| WORK REQUIRED |
All the entries need to be quoted exactly, apart from the pictures, which you should drop.

| RECORDS PROVIDED |
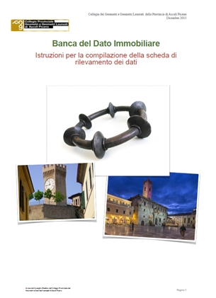 The Banca del Dato Immobiliare (BDI – Real Estate Comparable Database) is a project spearheaded by the College of Surveyors and Graduate Surveyors of the Province of Ascoli Piceno developed in 2014. The pilot project was created to provide a strategic tool to all entities operating in the real estate sector, for example: as a market analysis and asset management tool for enterprises; for Jurisdictional authorities, the project would offer greater guaranty and transparency on judicial sales and division while reducing eventual divergence between the real estate value and price; for real estate valuers and appraisers, it serves as an essential instrument in order to remain compliant with the International Valuation Standards, Real Estate Valuation Code by Tecnoborsa, the ABI Guidelines, the UNI 11558 and UNI 11612.
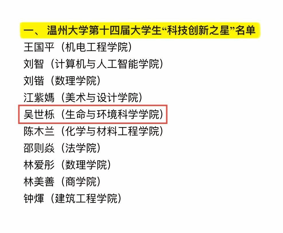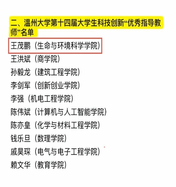 经学院推荐、专家评审、学校公示,我院王茂鹏老师获评温州大学第十四届东海潮“大学生科技创新优秀指导教师”,22生科师范2班吴世栎荣获该评选“大学生科技创新之星”。
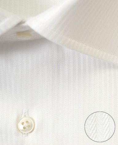 ■襟の表裏のパターンに差をつけ、コンパクトかつ構築的な襟を実現。品の良いドレスシャツの証である、首に巻きつくような内巻きフォルムは、匠によるいせ込み技術の成果です。
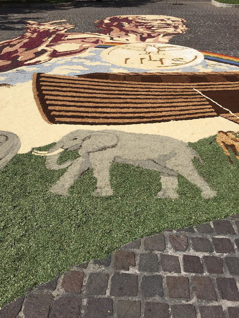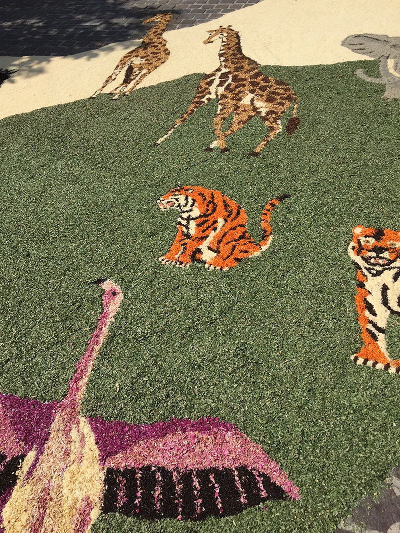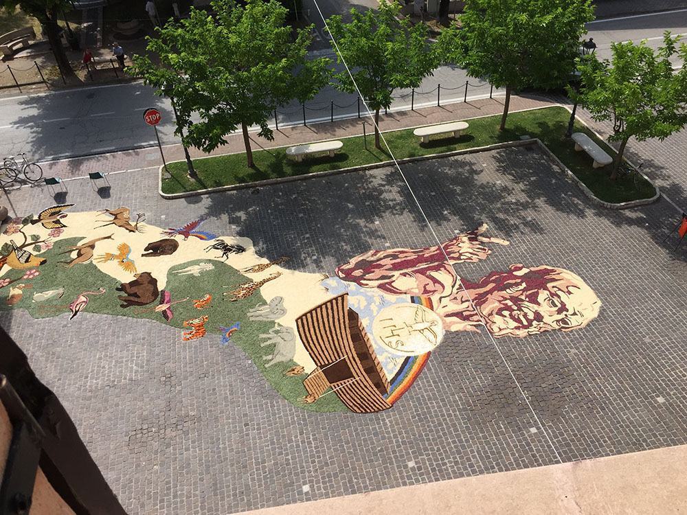 Quest’anno l’argomento trattato è stato quello del “Diluvio Universale” e pertanto c’era chi poneva fiori di vari colori per realizzare tigri, elefanti, cammelli, cavalli, uccelli e altri tipi di animali, mentre altri si occupavano della maestosa arca.
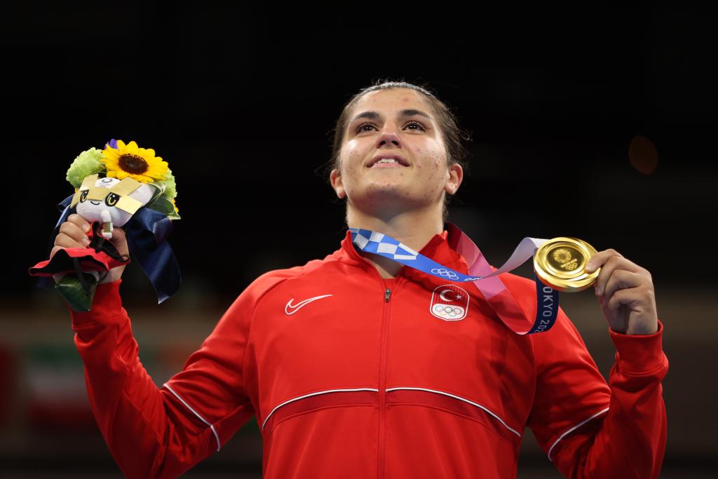 2021年8月7日,獲得冠軍的土耳其選手蘇梅內(nèi)利在領(lǐng)獎臺上。當(dāng)日,東京奧運會拳擊女子69公斤級頒獎儀式舉行。新華社記者 歐東衢 攝
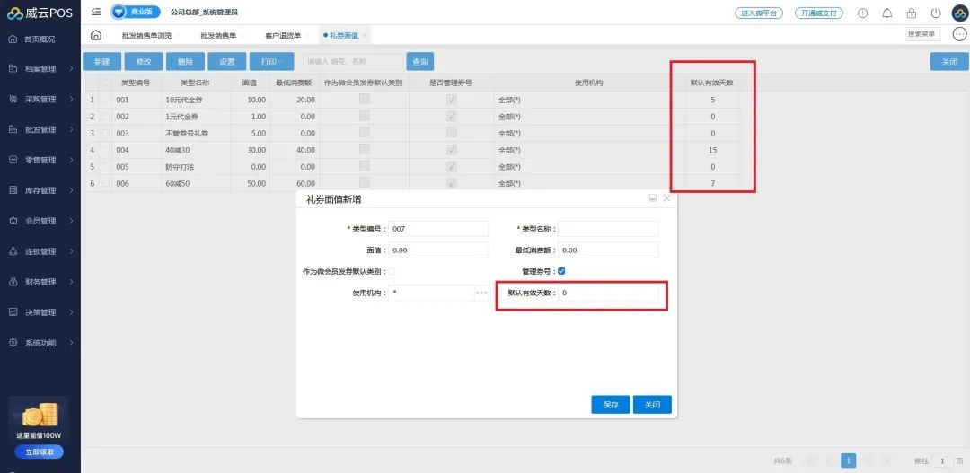 威云pos前臺(tái)禮券有效期增加了從禮券發(fā)行當(dāng)天開始計(jì)算有效期的功能
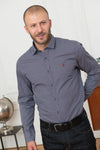 Dit overhemd is blauw van kleur en is verfraaid met all-over vlokken die kleine rode cirkelvormige patronen benadrukken. Rood zoals het geborduurde merklogo. aan de zijkant linkerborst. Bijpassende knopen bevestigen dit overhemd aan een enkele knoopsluiting. Ook de uiteinden van de lange mouwen zijn afsluitbaar. door deze knopen te gebruiken.
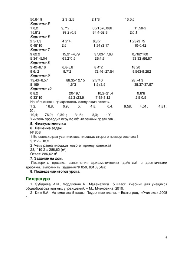 2. Ким Е.А. Математика 5 класс. Поурочные планы. – Волгоград, «Учитель» 2008
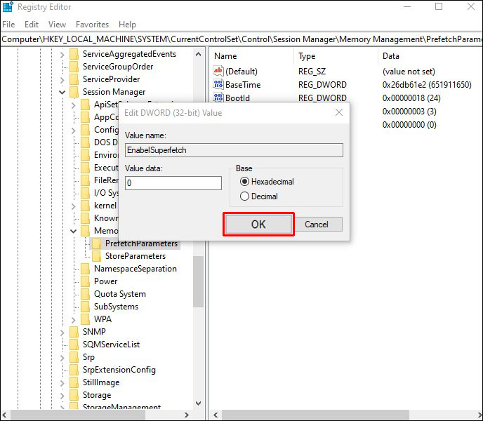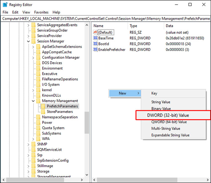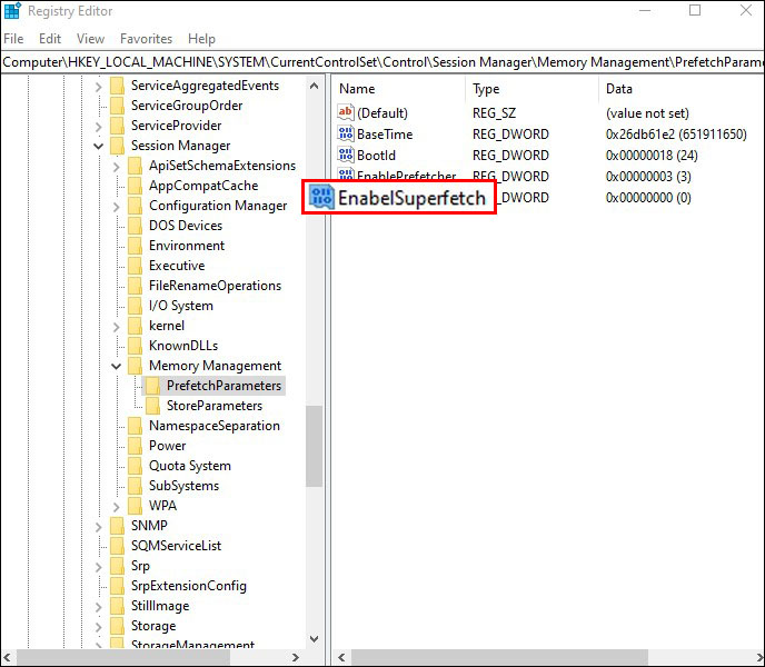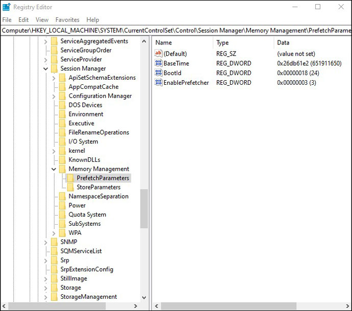 - In the Registry Editor, browse to HKLM\SYSTEM\CurrentControlSet\Control\Session Manager\Memory Management\PrefetchParameters.
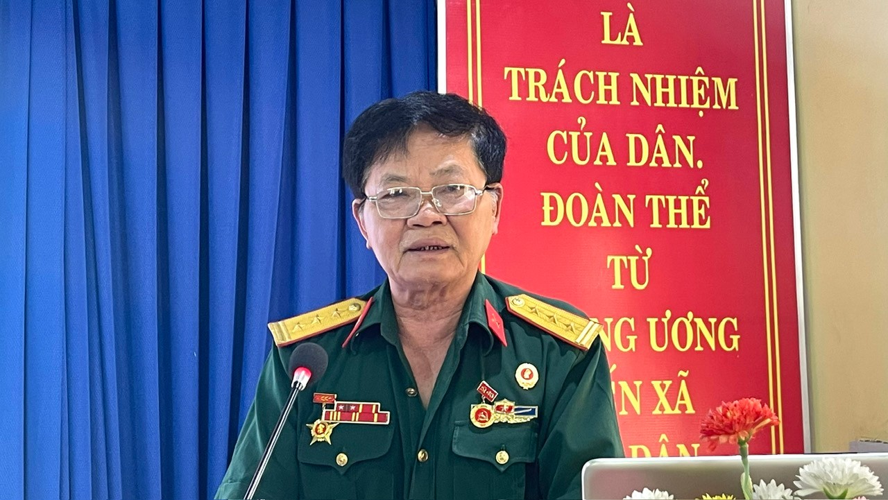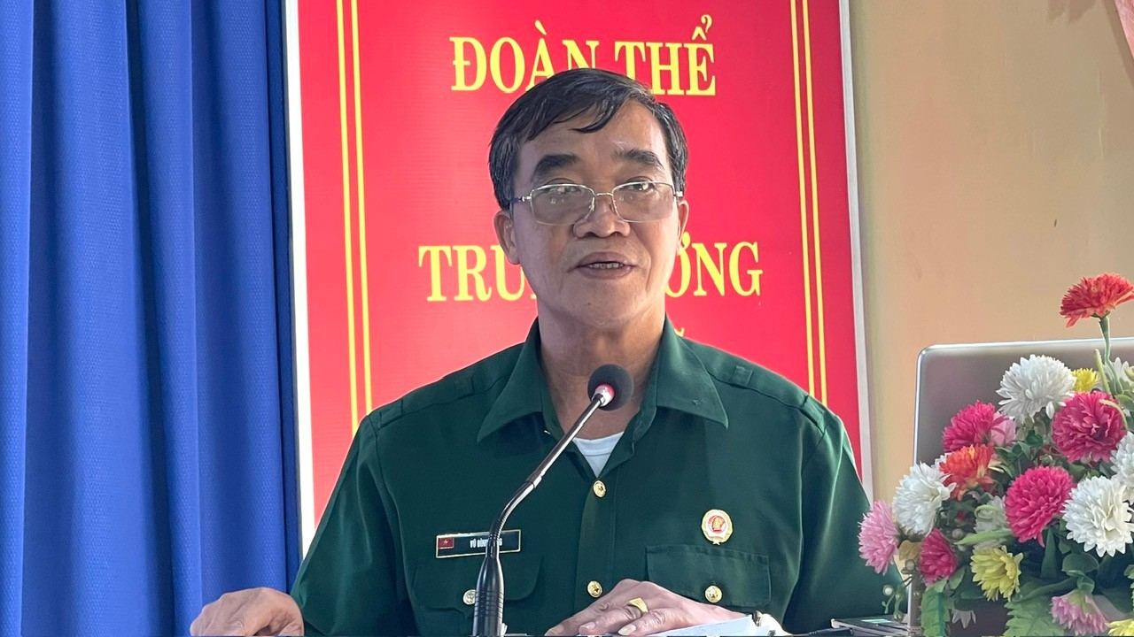 Đ/c Lê Xuân Hải - Chủ tịch Hội CCB huyện Bù Đăng, phát biểu ôn lại truyền thống Ngày thành lập Hội Cựu chiến binh Việt Nam.
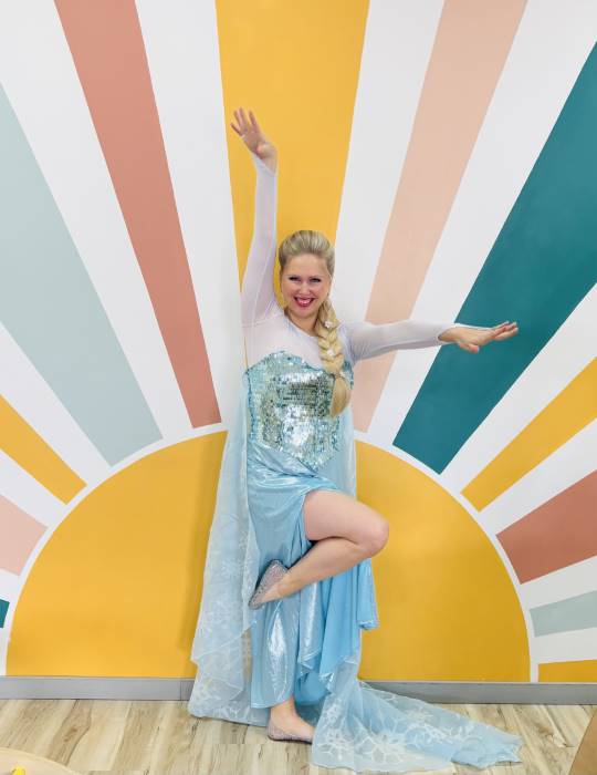 Designed by our own Made By Us team, this ensemble boasts a stunning blue corset, accompanied by a sheer cape that elegantly attaches to the inside of the corset. Additionally, the look encompasses a graceful, flowing blue skirt adorned with glittering snowflake prints, perfectly complemented by a charming mesh top.

| RESPONSE |
 The Banca del Dato Immobiliare (BDI – Real Estate Comparable Database) is a project spearheaded by the College of Surveyors and Graduate Surveyors of the Province of Ascoli Piceno developed in 2014. The pilot project was created to provide a strategic tool to all entities operating in the real estate sector, for example: as a market analysis and asset management tool for enterprises; for Jurisdictional authorities, the project would offer greater guaranty and transparency on judicial sales and division while reducing eventual divergence between the real estate value and price; for real estate valuers and appraisers, it serves as an essential instrument in order to remain compliant with the International Valuation Standards, Real Estate Valuation Code by Tecnoborsa, the ABI Guidelines, the UNI 11558 and UNI 11612.
 经学院推荐、专家评审、学校公示,我院王茂鹏老师获评温州大学第十四届东海潮“大学生科技创新优秀指导教师”,22生科师范2班吴世栎荣获该评选“大学生科技创新之星”。
 ■襟の表裏のパターンに差をつけ、コンパクトかつ構築的な襟を実現。品の良いドレスシャツの証である、首に巻きつくような内巻きフォルムは、匠によるいせ込み技術の成果です。
 Quest’anno l’argomento trattato è stato quello del “Diluvio Universale” e pertanto c’era chi poneva fiori di vari colori per realizzare tigri, elefanti, cammelli, cavalli, uccelli e altri tipi di animali, mentre altri si occupavano della maestosa arca.
 2021年8月7日,獲得冠軍的土耳其選手蘇梅內(nèi)利在領(lǐng)獎臺上。當(dāng)日,東京奧運會拳擊女子69公斤級頒獎儀式舉行。新華社記者 歐東衢 攝
 威云pos前臺(tái)禮券有效期增加了從禮券發(fā)行當(dāng)天開始計(jì)算有效期的功能
 Dit overhemd is blauw van kleur en is verfraaid met all-over vlokken die kleine rode cirkelvormige patronen benadrukken. Rood zoals het geborduurde merklogo. aan de zijkant linkerborst. Bijpassende knopen bevestigen dit overhemd aan een enkele knoopsluiting. Ook de uiteinden van de lange mouwen zijn afsluitbaar. door deze knopen te gebruiken.
 2. Ким Е.А. Математика 5 класс. Поурочные планы. – Волгоград, «Учитель» 2008
 - In the Registry Editor, browse to HKLM\SYSTEM\CurrentControlSet\Control\Session Manager\Memory Management\PrefetchParameters.
 Đ/c Lê Xuân Hải - Chủ tịch Hội CCB huyện Bù Đăng, phát biểu ôn lại truyền thống Ngày thành lập Hội Cựu chiến binh Việt Nam.
 Designed by our own Made By Us team, this ensemble boasts a stunning blue corset, accompanied by a sheer cape that elegantly attaches to the inside of the corset. Additionally, the look encompasses a graceful, flowing blue skirt adorned with glittering snowflake prints, perfectly complemented by a charming mesh top.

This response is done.